Когда мы повзрослели глава 1

          Сидя на балконе кафе, я вдыхаю горячее лето 2003 года. Наверное, последнее лето, которое могу так свободно вдохнуть. Ещё пару лет назад ненавидел эту жаркую пору, а теперь, будто младенец, радуюсь каждому новому году, месяцу и новому дню. Вернее вынужден радоваться - кто знает, случится ли ещё такое лето?
          Удивительное дело - радоваться тому, чего ненавидишь. Если любой сезон в Баку запоминается тем, что он был жарким или холодным, то лето - исключение. Оно всегда раскаленное.
          Ничем не отличалось и лето 1995 года, когда  ехал в духоте старенького автобуса. Настолько старенького, что казалось ему до смерти надоело плутать и тяжело выдохнув, он вот-вот распадётся прямо посреди дороги. По крайней мере, мне действительно так казалось.
          До Гянджи оставалось приблизительно пару часов, а монотонный пейзаж за окном не привлекал никакого внимания: сплошная равнина, поросшая кустарниками, овцы с коровами, щиплющие траву вдоль дороги. Я закрыл глаза и попытался уснуть, но детский плач и шёпот матери, успокаивающей ребёнка, не позволили задремать. Тогда, как и сейчас на балконе кафе, я попытался отгородиться от мира за стеной воспоминаний. Вспоминалось детство, наш шумный и весёлый дворик у приморского бульвара. Все эти годы я тосковал по тёплым вечерам, когда обитатели дома собирались во дворе, за длинным столом под виноградником, и обсуждали прошедший день, попивая ароматный чай, сдобренный шафраном и мятой.

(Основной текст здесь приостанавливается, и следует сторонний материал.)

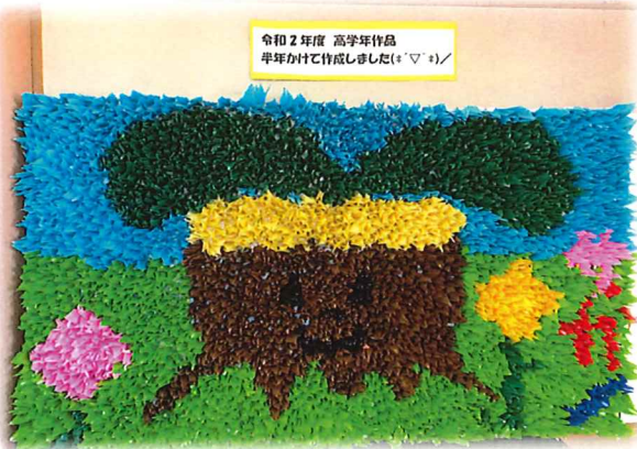
作品は図書室に飾っています!!

コロナ禍の中、子ども達が世界中の人の安心安全を願って「つる」を毎日こつこつ折って仕上げた大作です。 是非、見に来て下さい!(約2000羽作成)

          Но больше всего я скучал по друзьям: златовласой Каце со смешными веснушками и зелёными глазами, всегда мечтательной Лейли с длинными по пояс, чёрными бархатистыми волосами и жизнерадостному добрячку Эмилю, с почти детским лицом и ямочками на щеках. Мы были одногодками и только Каце, поприветствовавшая жизнь в 1973 году, была старше нас на год, отчего считала себя ответственной за всеми. Следила, чтобы зимой мы были хорошо укутаны, с прикрытой головой, а летом ходили в панамах. С возрастом она немного успокоилась, но привычка опекать в ней так и не исчезла.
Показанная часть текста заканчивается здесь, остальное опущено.